=== About this exercise ===
Exact copies of all the lines below are required, with the pictures omitted.

=== Data extract ===

'''

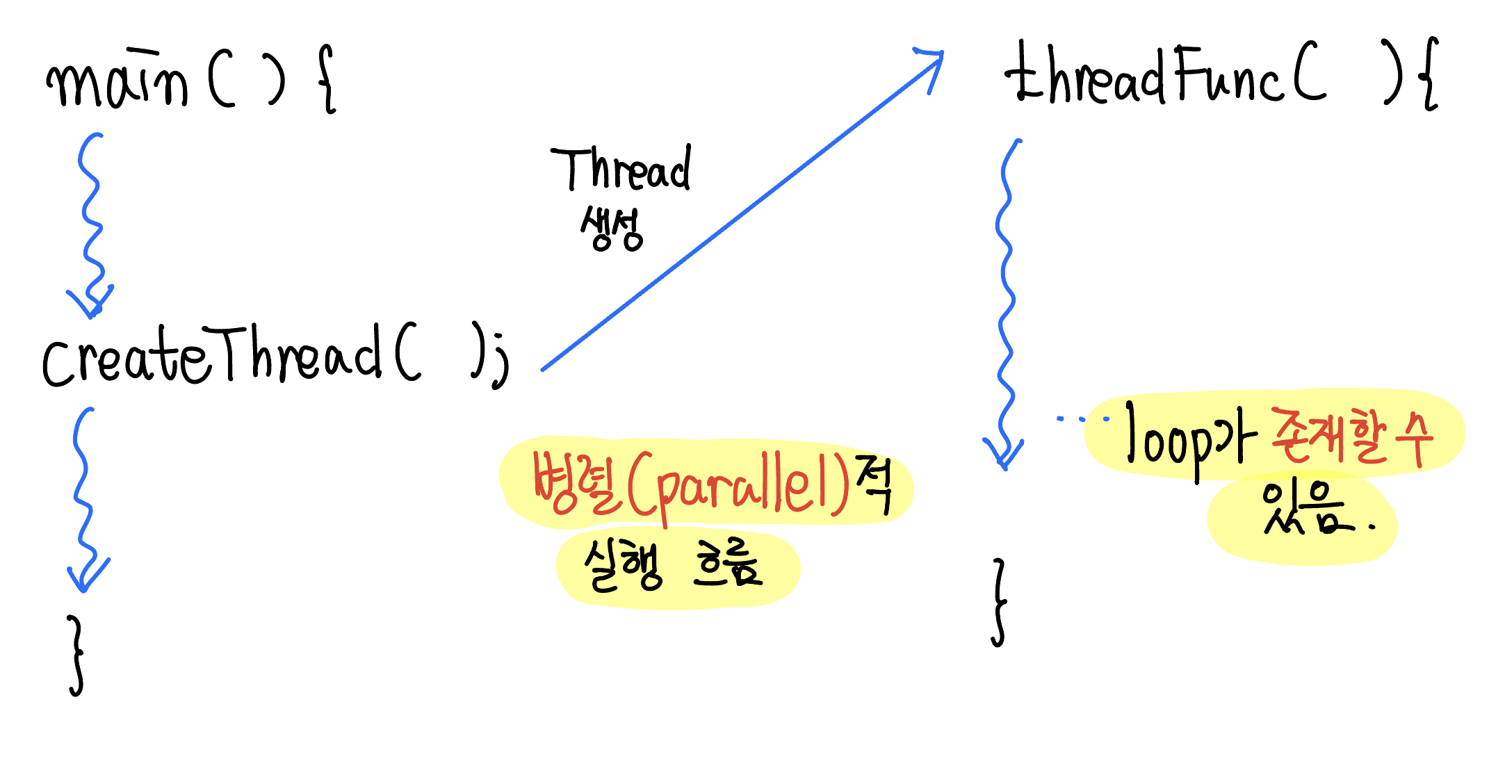 스레드가 호출되어도 기존 메인 함수는 지속적으로 수행되는 병렬적(Parallel) 흐름이 수행되기 때문입니다.
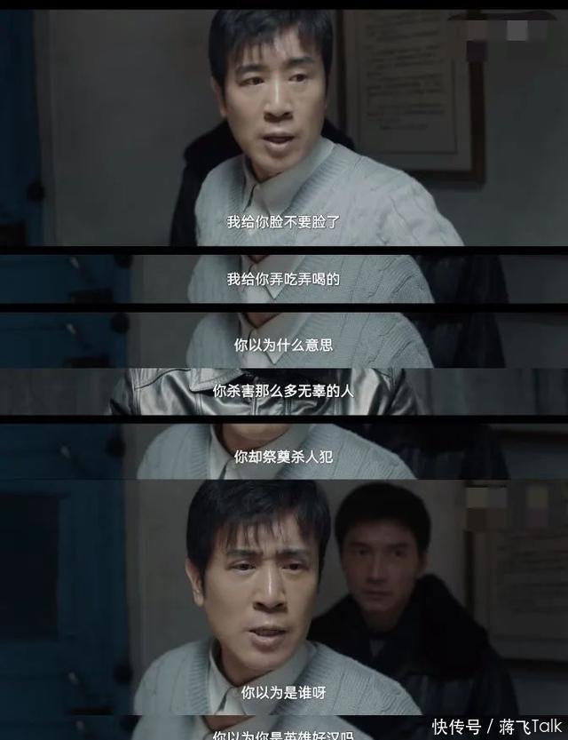 后来审讯嫌疑犯时,他看到嫌疑犯竟然用酒祭奠同伙,他一下就愤怒了,对着嫌疑犯破口大骂。 这一段戏,于和伟饰演出了“新兵蛋子”的莽撞和冲动。
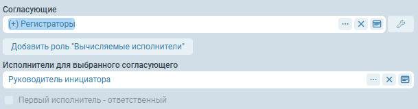 Добавить роль “Вычисляемые исполнители” - добавляет роль “Вычисляемые исполнители” в список согласующих. На это место будут подставлены согласующие, вычисленные с помощью скрипта из поля SQL исполнители. По умолчанию вычисляемые исполнители будут добавлены в конец списка согласующих.

'''

=== Answer for the task ===
 스레드가 호출되어도 기존 메인 함수는 지속적으로 수행되는 병렬적(Parallel) 흐름이 수행되기 때문입니다.
 后来审讯嫌疑犯时,他看到嫌疑犯竟然用酒祭奠同伙,他一下就愤怒了,对着嫌疑犯破口大骂。 这一段戏,于和伟饰演出了“新兵蛋子”的莽撞和冲动。
 Добавить роль “Вычисляемые исполнители” - добавляет роль “Вычисляемые исполнители” в список согласующих. На это место будут подставлены согласующие, вычисленные с помощью скрипта из поля SQL исполнители. По умолчанию вычисляемые исполнители будут добавлены в конец списка согласующих.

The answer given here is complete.